[Problem to work on] Any picture in the range stays out of the copy; retype exactly the lines from the one with "Le véhicule MERCEDES" to the end of the listing.

[Dataset extract]

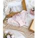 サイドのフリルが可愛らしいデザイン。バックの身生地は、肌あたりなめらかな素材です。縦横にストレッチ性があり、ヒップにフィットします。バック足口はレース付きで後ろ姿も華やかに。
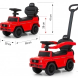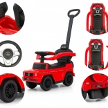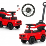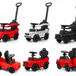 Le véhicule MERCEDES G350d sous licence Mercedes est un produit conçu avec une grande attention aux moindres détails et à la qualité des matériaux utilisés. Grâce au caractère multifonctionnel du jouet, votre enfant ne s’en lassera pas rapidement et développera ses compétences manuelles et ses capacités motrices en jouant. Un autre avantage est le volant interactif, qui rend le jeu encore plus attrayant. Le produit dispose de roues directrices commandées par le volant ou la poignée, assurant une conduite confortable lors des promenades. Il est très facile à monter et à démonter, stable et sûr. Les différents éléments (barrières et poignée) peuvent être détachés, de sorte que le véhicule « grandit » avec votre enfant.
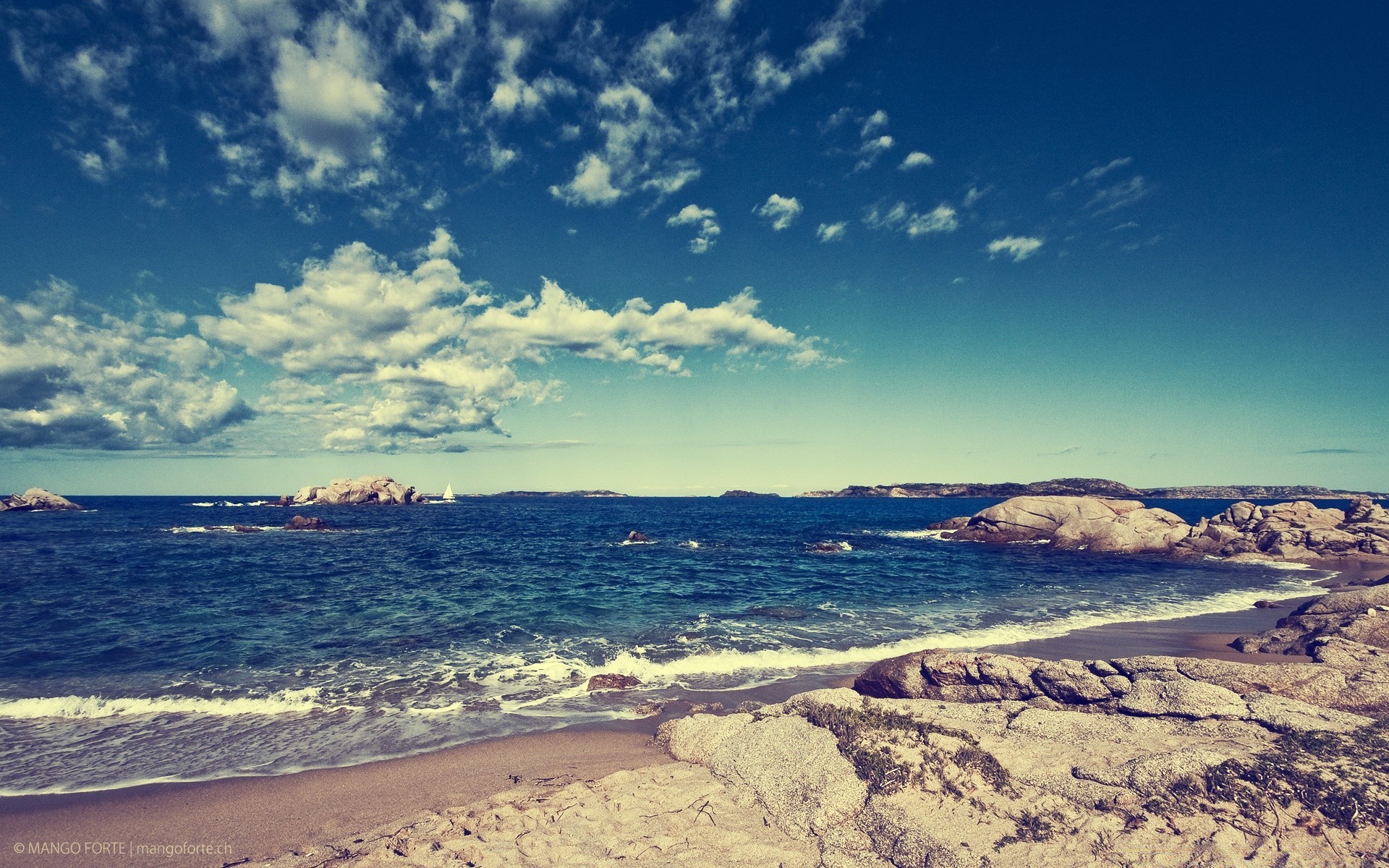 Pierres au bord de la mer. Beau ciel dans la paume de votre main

[Output for this task]
 Le véhicule MERCEDES G350d sous licence Mercedes est un produit conçu avec une grande attention aux moindres détails et à la qualité des matériaux utilisés. Grâce au caractère multifonctionnel du jouet, votre enfant ne s’en lassera pas rapidement et développera ses compétences manuelles et ses capacités motrices en jouant. Un autre avantage est le volant interactif, qui rend le jeu encore plus attrayant. Le produit dispose de roues directrices commandées par le volant ou la poignée, assurant une conduite confortable lors des promenades. Il est très facile à monter et à démonter, stable et sûr. Les différents éléments (barrières et poignée) peuvent être détachés, de sorte que le véhicule « grandit » avec votre enfant.
 Pierres au bord de la mer. Beau ciel dans la paume de votre main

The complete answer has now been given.